Social media: The fourth dimension in market data

It looks as though the first hedge fund utilizing social media data is about to launch in April. This "Twitter hedge fund" is based on the work of Bollen et al., "Twitter mood predicts the stock market," Journal of Computational Science, 2011. In more general terms, this is an example use of Natural Language Processing (NLP) to assess the semantic of tweets relating to the stock market. NLP, or more specifically semantic search, has been the holy grail of search engine companies since people realized that you can make a boatload of money by providing good search results. Semantic search improve search accuracy by understanding the seacher's intent and the contextual meaning rather than going on the vocabulary alone (see Nature: Quiz-playing computer system could revolutionize research). What Bollen et al. are proposing is a subset of the grander NLP problem, in that they are only concerned with the "mood states" rather than the whole meaning of the tweets.

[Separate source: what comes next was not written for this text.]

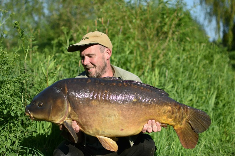 Single Scale at 55lb, landed by Jake. Patch, the fully-scaled mirror landed by Jimmy. Opal landed by Ed. Despite the blazing temperatures, three of Ashmead's finest mirrors were landed last week... All second generation Ashmead carp, spawned in the wetland and grown on naturally in the rich Ashmead environment over the past twenty to thirty years.

In other words, sentiment analysis. NLP is not new. R, for example, has a Natural Language Processing task view. Python has a Natural Language Toolkit. Wikipedia has a good list of NLP toolkits for other languages. Traders understand that the market is driven by people, and people are ultimately driven by emotions. So far, there hasn't been a method to directly evaluate the emotions of market participants. Would social media provide a glimpse to the emotions of the masses? According to Bollen et al., yes. At any rate, data is king in quantitative trading. I have no idea would their particular implementation of data mining social media work or not. What's true is that as more and more people publish their lives on the internet, all these non-quantitative information are just waiting to be exploited. Ethics and privacy issues aside, look at what Facebook is doing with their ads as an example. In addition to time, volume, and price, data mining social media may provide us with a fourth dimension to market data.